:: Supplied records
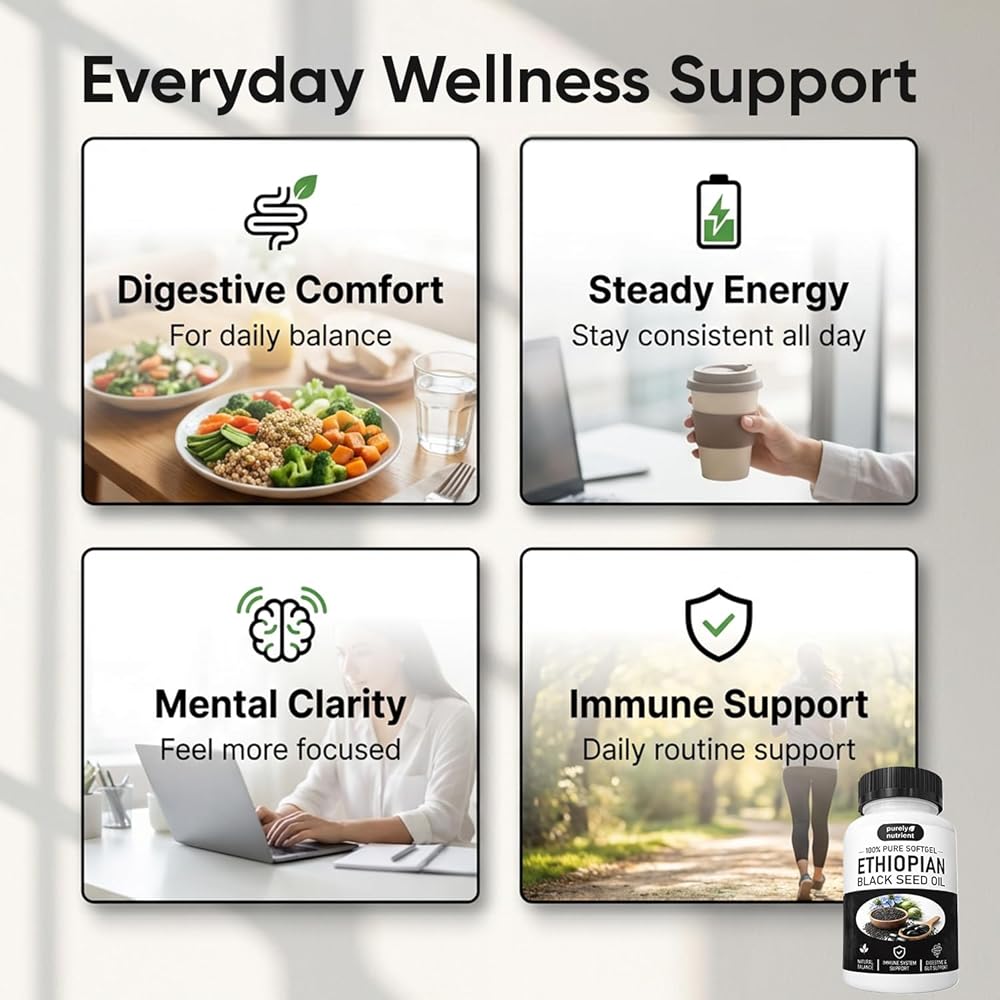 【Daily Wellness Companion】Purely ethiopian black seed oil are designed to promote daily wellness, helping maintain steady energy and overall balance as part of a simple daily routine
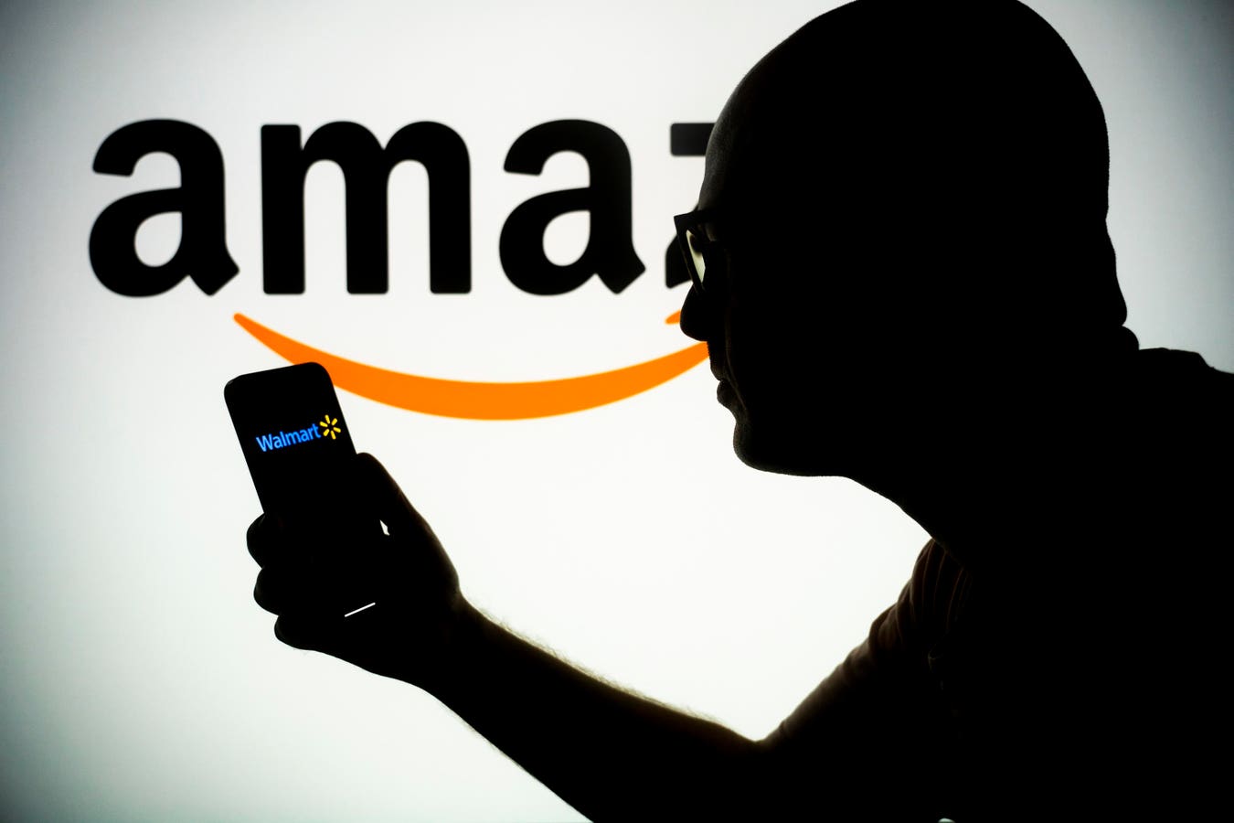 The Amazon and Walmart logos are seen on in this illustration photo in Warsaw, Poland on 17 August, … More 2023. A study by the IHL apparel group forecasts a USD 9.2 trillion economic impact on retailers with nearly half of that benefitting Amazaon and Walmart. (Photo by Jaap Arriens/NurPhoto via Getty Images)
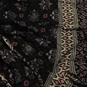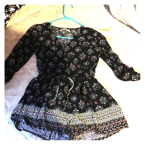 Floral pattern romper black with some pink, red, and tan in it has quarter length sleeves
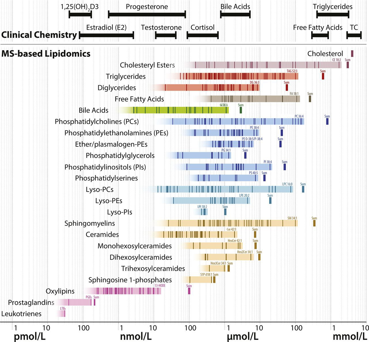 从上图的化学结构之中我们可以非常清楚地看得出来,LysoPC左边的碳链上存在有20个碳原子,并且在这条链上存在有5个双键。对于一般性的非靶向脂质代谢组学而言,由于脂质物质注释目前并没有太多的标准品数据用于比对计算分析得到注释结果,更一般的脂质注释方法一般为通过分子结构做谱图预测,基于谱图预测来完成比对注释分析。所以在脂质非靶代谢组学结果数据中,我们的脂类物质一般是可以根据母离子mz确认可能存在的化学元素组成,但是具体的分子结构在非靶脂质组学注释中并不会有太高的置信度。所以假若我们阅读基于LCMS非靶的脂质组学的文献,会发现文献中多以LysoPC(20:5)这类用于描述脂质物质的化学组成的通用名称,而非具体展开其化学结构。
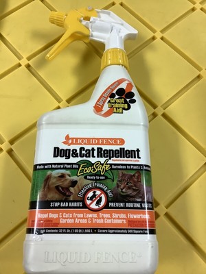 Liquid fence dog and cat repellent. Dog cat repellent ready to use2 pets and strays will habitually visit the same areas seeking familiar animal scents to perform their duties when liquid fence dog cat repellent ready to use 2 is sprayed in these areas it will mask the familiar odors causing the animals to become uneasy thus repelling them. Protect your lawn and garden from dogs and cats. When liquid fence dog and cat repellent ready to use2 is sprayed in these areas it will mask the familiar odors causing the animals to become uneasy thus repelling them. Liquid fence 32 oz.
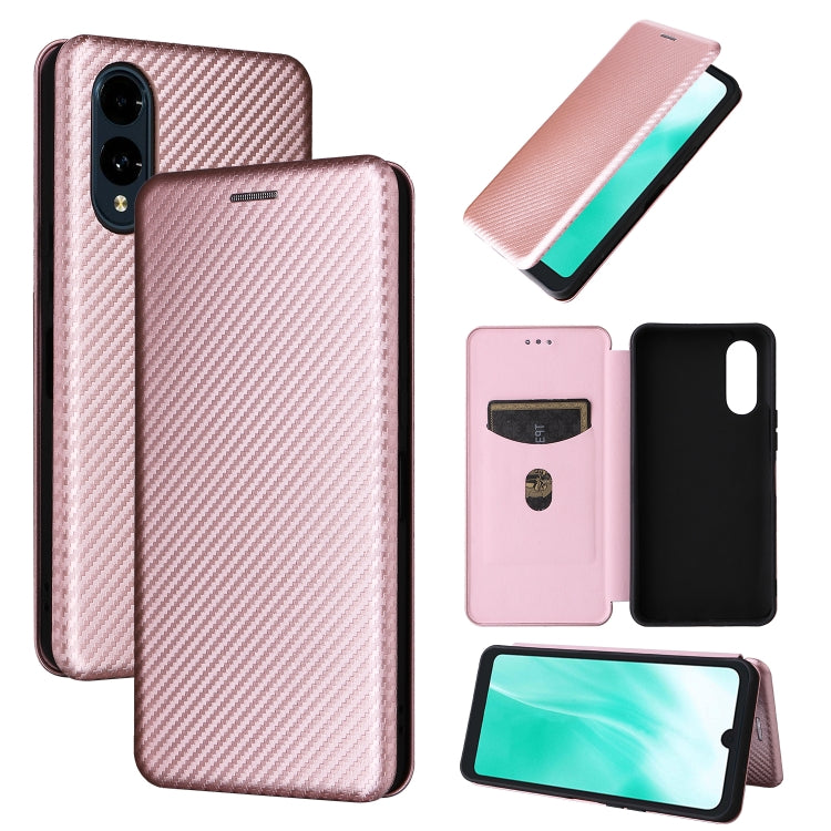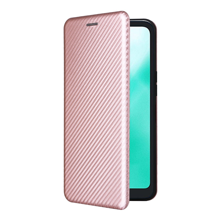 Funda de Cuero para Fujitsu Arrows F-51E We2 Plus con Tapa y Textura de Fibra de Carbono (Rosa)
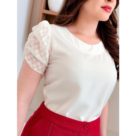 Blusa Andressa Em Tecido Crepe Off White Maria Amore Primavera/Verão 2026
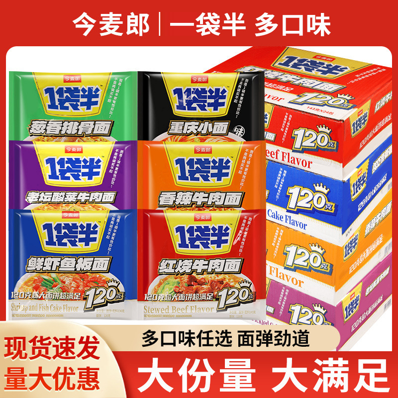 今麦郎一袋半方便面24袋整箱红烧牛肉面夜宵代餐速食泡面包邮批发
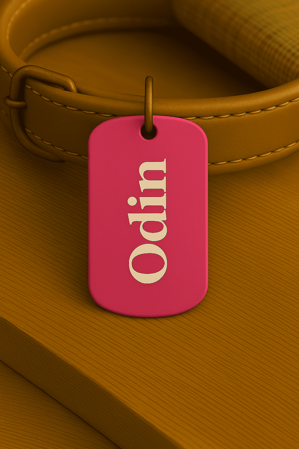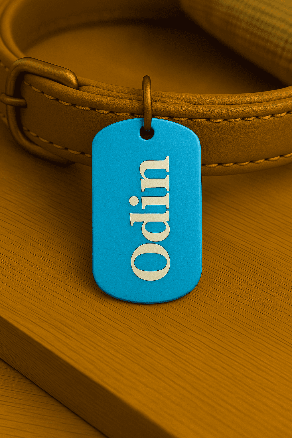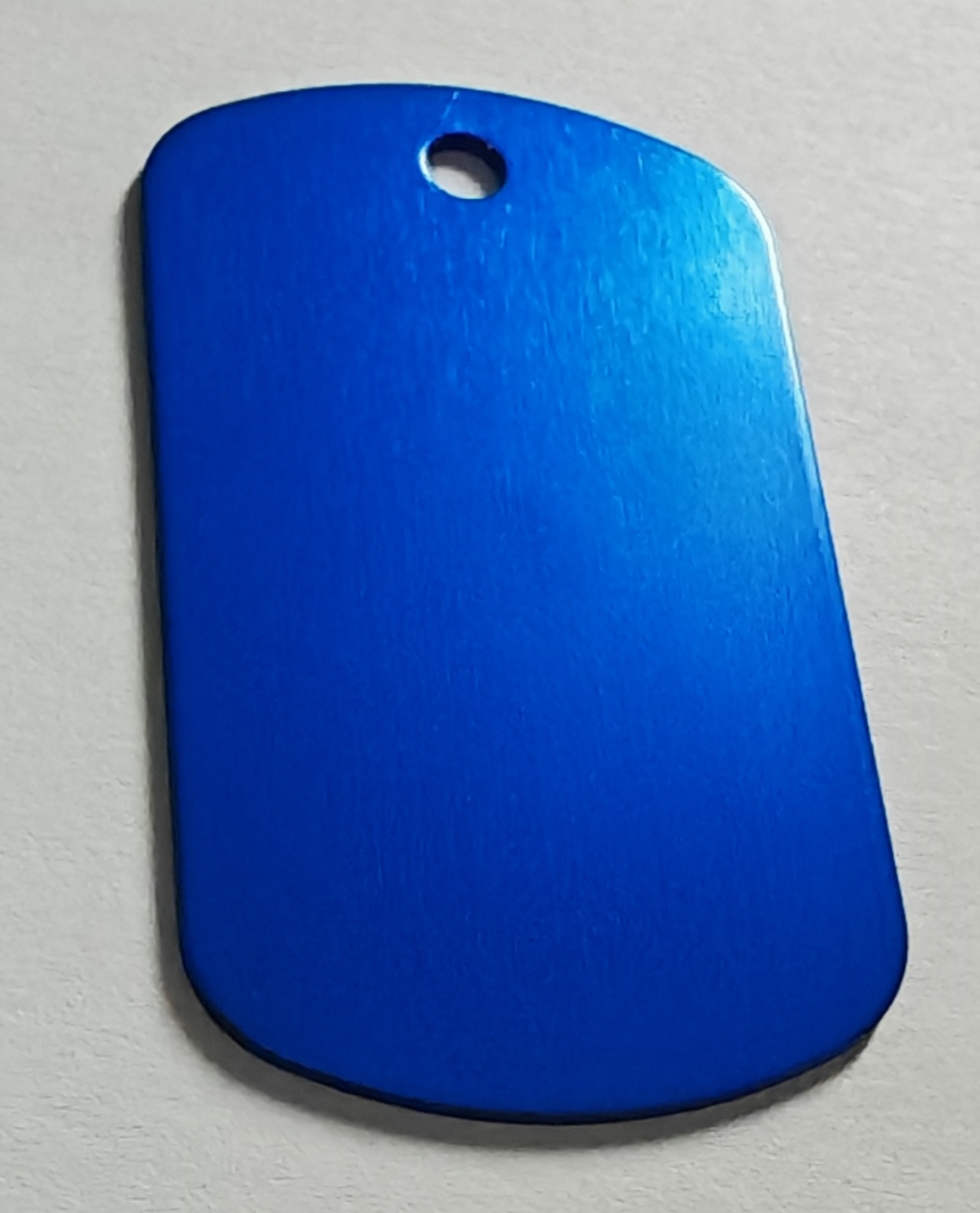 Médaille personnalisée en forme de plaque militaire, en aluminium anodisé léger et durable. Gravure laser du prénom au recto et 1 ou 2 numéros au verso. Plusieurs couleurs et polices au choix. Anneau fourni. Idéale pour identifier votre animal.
::::
Exercise: Starting at the first line of the data, set down each line exactly until you have copied the line with "Floral pattern romper", but leave the pictures out.

Solution to this task:
 【Daily Wellness Companion】Purely ethiopian black seed oil are designed to promote daily wellness, helping maintain steady energy and overall balance as part of a simple daily routine
 The Amazon and Walmart logos are seen on in this illustration photo in Warsaw, Poland on 17 August, … More 2023. A study by the IHL apparel group forecasts a USD 9.2 trillion economic impact on retailers with nearly half of that benefitting Amazaon and Walmart. (Photo by Jaap Arriens/NurPhoto via Getty Images)
 Floral pattern romper black with some pink, red, and tan in it has quarter length sleeves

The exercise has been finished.